One of the great joys of working on a search engine is that you get to reverse engineer SEO spam, and overall study how it evolves over time.
I’ve been noticing the search engine spam strategy of adding ‘reddit’ to page titles for a few years now, but it feels like it’s been growing a lot recently. I don’t think it’s actually working, but it’s so cute that they are trying.
The “white noise baby reddit” item has an interesting word salad quality to it. Reminds me of the A Japanese Toaster You Can Fuck listicle I discovered a while back, which to this date is my all time favorite SEO trainwreck.
This one was actually from an academic domain. That’s an interesting mix of old blackhat SEO and newer query sniping strategies.
Educational domains are high value targets because they tend to have very good pagerank.
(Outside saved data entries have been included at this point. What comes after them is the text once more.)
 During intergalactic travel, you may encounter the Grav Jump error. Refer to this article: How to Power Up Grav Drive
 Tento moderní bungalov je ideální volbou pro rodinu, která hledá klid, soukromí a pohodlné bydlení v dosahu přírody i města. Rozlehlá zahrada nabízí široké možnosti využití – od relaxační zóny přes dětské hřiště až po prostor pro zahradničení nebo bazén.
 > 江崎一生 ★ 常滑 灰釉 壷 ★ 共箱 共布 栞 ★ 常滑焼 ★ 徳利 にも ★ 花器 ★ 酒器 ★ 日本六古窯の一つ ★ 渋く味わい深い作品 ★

Academic institutions link to each other, and ranking algorithms are often tuned to ensure academia is seen as an authority.
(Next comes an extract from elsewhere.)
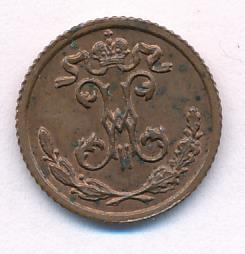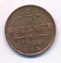Лицевая сторона — вензель Александра II в венке из лавровой и дубовой ветвей; оборотная — обозначение номинала (1/4 копейки) и дата. Нормативный вес — 0,82 грамма, гурт рубчатый.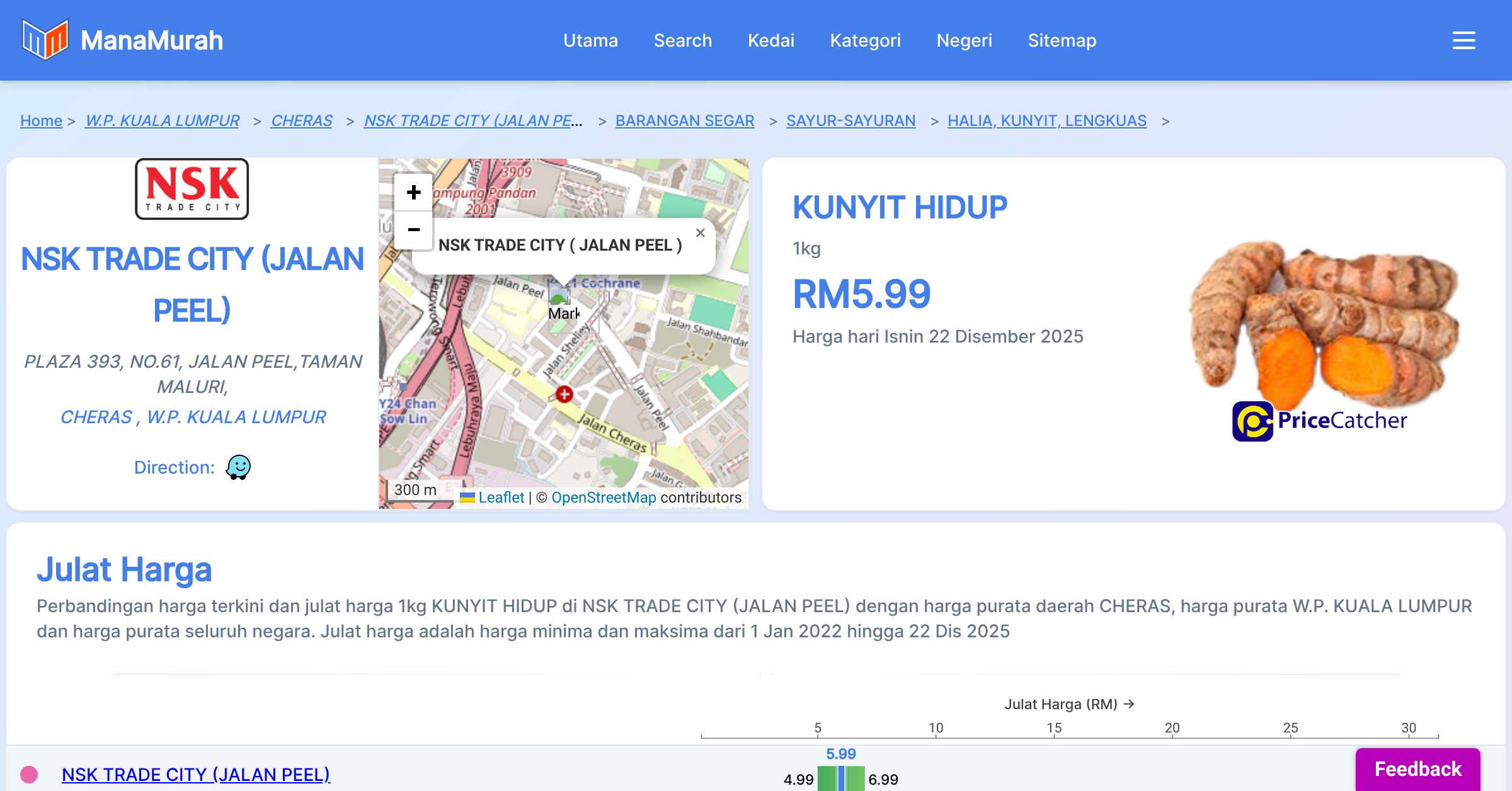 Perubahan harga purata mingguan 1kg KUNYIT HIDUP di NSK TRADE CITY ( JALAN PEEL ) berbanding harga purata mingguan daerah CHERAS, harga purata mingguan negeri W.P. KUALA LUMPUR dan harga purata mingguan seluruh negara sehingga 22 Dis 2025

Hacking into them or otherwise sneaking links in there seems very common. Using the academia filter in Marginalia Search and searching for any high-spam topic (casinos, sex, online pharma, essay writing, etc.) usually crops up more than a few results that are almost definitely the result of a digital break-in.
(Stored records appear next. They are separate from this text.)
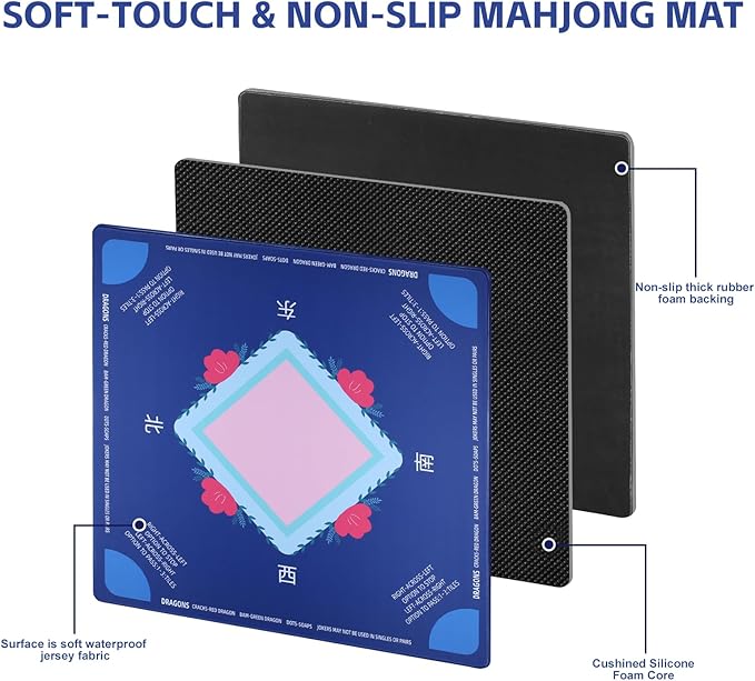 Mahjong Mat, No Creases Mahjong Mat for Table, 31.5x31.5 Inch Anti Slip Noise Reduction Mah jongg Mat, Mahjong Gifts with Carrying Bag, Mahjong Table Mat for Dominoes, Poker, Card, Board Games (Blue)
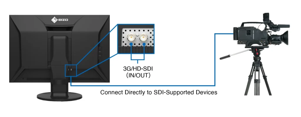 The CG2400SV features SDI input and output terminals, supporting 3G-SDI Level A and HD-SDI signals. SDI connectivity enables the transmission of uncompressed video signals, preserving the full fidelity of HDR content without introducing visual artifacts. This ensures seamless integration with professional camera systems and live video feeds, making the monitor a reliable solution for accurate monitoring on-site and in-studio.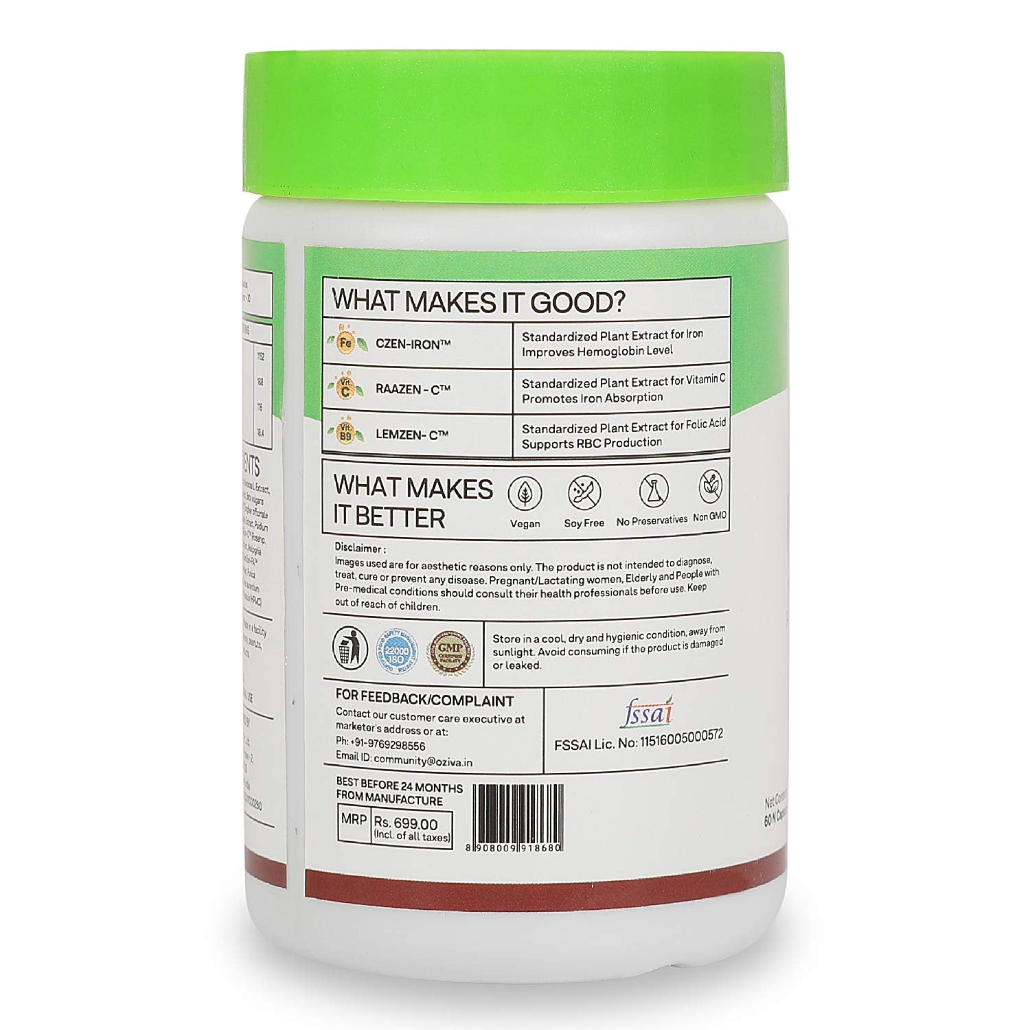 OZiva Bettr. Iron+ (Plant Based Iron with Vitamin C, Folic Acid, Zinc & Moringa) for Improved Hemoglobin, Oxygen binding capacity, & Immunity, Iron supplements, 60 veg capsules (60 capsules)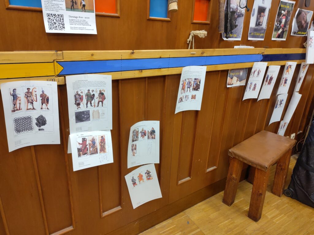 An diesem Abend sind wir vom Frühmittelalter bis zum Ende vom Hochmittelalter gekommen. Gut erkennbar wird die Entwicklung der Rüstungen an unserem Zeitstrahl. Gelb ist das Ende der Antike erkennbar. Hellblau das Frühmittelalter und Dunkelblau das Hochmittelalter. Wir haben unseren Blick auf Europa konzentriert und einen kleinen Blick in den fernen Osten gewagt. Auffällig ist, dass durchgängig Ringpanzer („Kettenhemden“) verwendet wurden. Wir haben auf den Abbildungen der Osprey Bücher einige Darstellungen entdeckt, die nicht in die Zeit passen. Mal sehen wie wir das in ein interaktives Minispiel einbauen. Das PDF (Arbeitsstand) könnt ihr euch gerne ansehen, wir passen es mit unseren neuen Erkenntnissen an.

Here’s for example a compromised Wordpress installation from Tulane University, where someone’s uploaded numerous spammy articles. While showing this may seem embarassing for Tulane or the people involved, I want to strongly emphasize they are far from alone in having this problem.
I’m singling this website out because it seems to be very visibly compromised, and may possibly be actively used for botnet command-and-control:
I’ve written before about the phenomenon of these hidden content-farms on compromised wordpress instances.
The instinct when discovering that a wordpress instance has been hacked to host this sort of content is to cover up the problem. It no doubt feels embarrassing. Covering it up makes it looks smaller. It’s not a small problem. It’s a huge problem for the Internet at large, for search engines, for webmasters, for server administrators.
This is an almost industrialized process, where it takes minutes from opening an HTTPS port to bots discovering it and probing it for compromised software. I think we should be talking about it more.